### Aim of the exercise
Your response is a verbatim copy of the listing, stripped of its images.

### Collected material
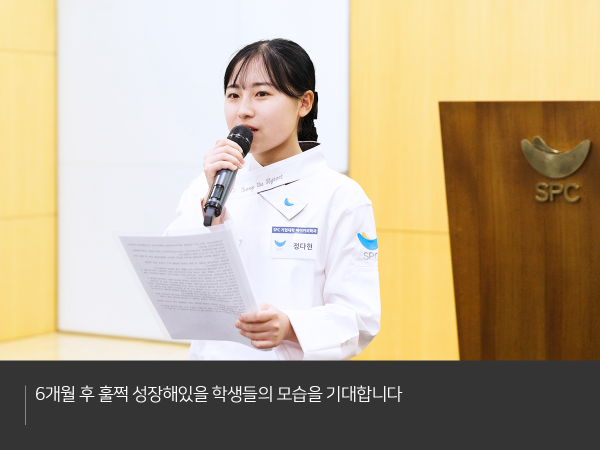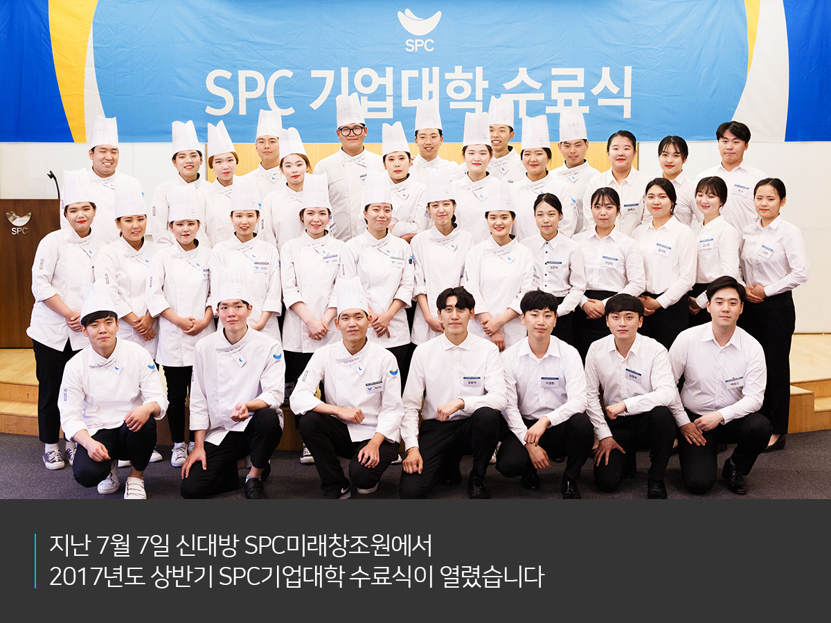 SPC기업대학은 고용노동부-한국산업인력공단 인가를 취득한 우수한 교육과정으로 특성화고교 학생 대상으로 연간 336시간에 이르는 제과제빵, 외식조리, 서비스 분야의 현장 맞춤형 전문 교육을 제공하고 이들을 파리크라상, 파리바게뜨, 던킨도너츠, 외식 사업부 등 그룹이 운영하는 매장에 채용하고 있습니다. 취업 후에는 교육부가 인정하는 전문학사 과정 사내대학인 ‘SPC식품과학대학’을 통해 ‘선취업 후 진학’ 기회를 제공하고 있습니다.
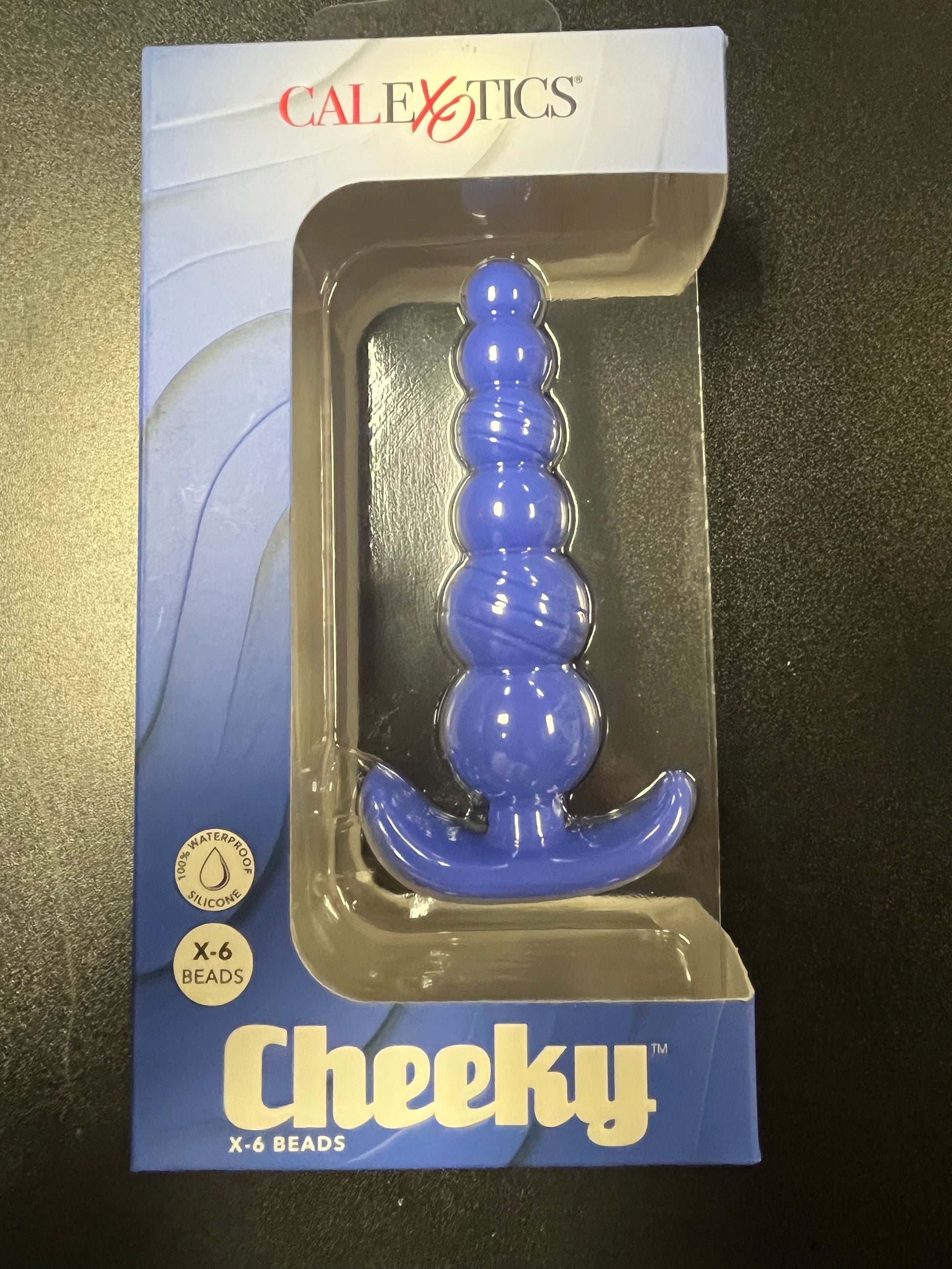Take your anal play to the next level with the CalExotics Cheeky X-6 Beaded Plug. Its bright blue color adds a fun touch, while the flexible beads offer a range of sizes for a personalized experience. The hypoallergenic silicone and easy-to-clean design make it a must-have for any collection.
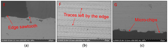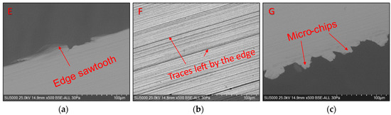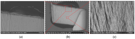 The chip formation process comprises a phase of plastic deformation, followed by a chip initiation and breakage phase, as described in various scientific papers [12,37,38,39]. Niu et al. [37] presented the general theories of chip formation, highlighting the fact that the model of shear planes (adiabatic shear theory) is suitable for processing materials with good plasticity. In contrast, the periodic brittle fracture theory model is suitable for processing more fragile materials. For hard machining processes, it is accepted that the chip formation model is that of the shear planes [38], and the microscopic shape of the detached chips has the appearance of some saw teeth. In the study by Zhang, S. and Guo, Y.B. [11] regarding the milling of steel with a hardness of 50HRC, it was concluded that the cutting speed and the feed per tooth are the most important parameters in the formation of chips. Their combination leads to the formation of different types of chips, from continuous chips to serrated chips. Furthermore, in connection with the milling of some hard steels, Cui, X. and Zhao, J. found that [7], for cutting speeds up to 400 m/min, the chips are formed as a series of saw teeth; however, with the increase in speed cutting that speeds up to 2000 m/min and even higher values, these chips segment and become interrupted.

### Result of the task
 SPC기업대학은 고용노동부-한국산업인력공단 인가를 취득한 우수한 교육과정으로 특성화고교 학생 대상으로 연간 336시간에 이르는 제과제빵, 외식조리, 서비스 분야의 현장 맞춤형 전문 교육을 제공하고 이들을 파리크라상, 파리바게뜨, 던킨도너츠, 외식 사업부 등 그룹이 운영하는 매장에 채용하고 있습니다. 취업 후에는 교육부가 인정하는 전문학사 과정 사내대학인 ‘SPC식품과학대학’을 통해 ‘선취업 후 진학’ 기회를 제공하고 있습니다.
Take your anal play to the next level with the CalExotics Cheeky X-6 Beaded Plug. Its bright blue color adds a fun touch, while the flexible beads offer a range of sizes for a personalized experience. The hypoallergenic silicone and easy-to-clean design make it a must-have for any collection.
 The chip formation process comprises a phase of plastic deformation, followed by a chip initiation and breakage phase, as described in various scientific papers [12,37,38,39]. Niu et al. [37] presented the general theories of chip formation, highlighting the fact that the model of shear planes (adiabatic shear theory) is suitable for processing materials with good plasticity. In contrast, the periodic brittle fracture theory model is suitable for processing more fragile materials. For hard machining processes, it is accepted that the chip formation model is that of the shear planes [38], and the microscopic shape of the detached chips has the appearance of some saw teeth. In the study by Zhang, S. and Guo, Y.B. [11] regarding the milling of steel with a hardness of 50HRC, it was concluded that the cutting speed and the feed per tooth are the most important parameters in the formation of chips. Their combination leads to the formation of different types of chips, from continuous chips to serrated chips. Furthermore, in connection with the milling of some hard steels, Cui, X. and Zhao, J. found that [7], for cutting speeds up to 400 m/min, the chips are formed as a series of saw teeth; however, with the increase in speed cutting that speeds up to 2000 m/min and even higher values, these chips segment and become interrupted.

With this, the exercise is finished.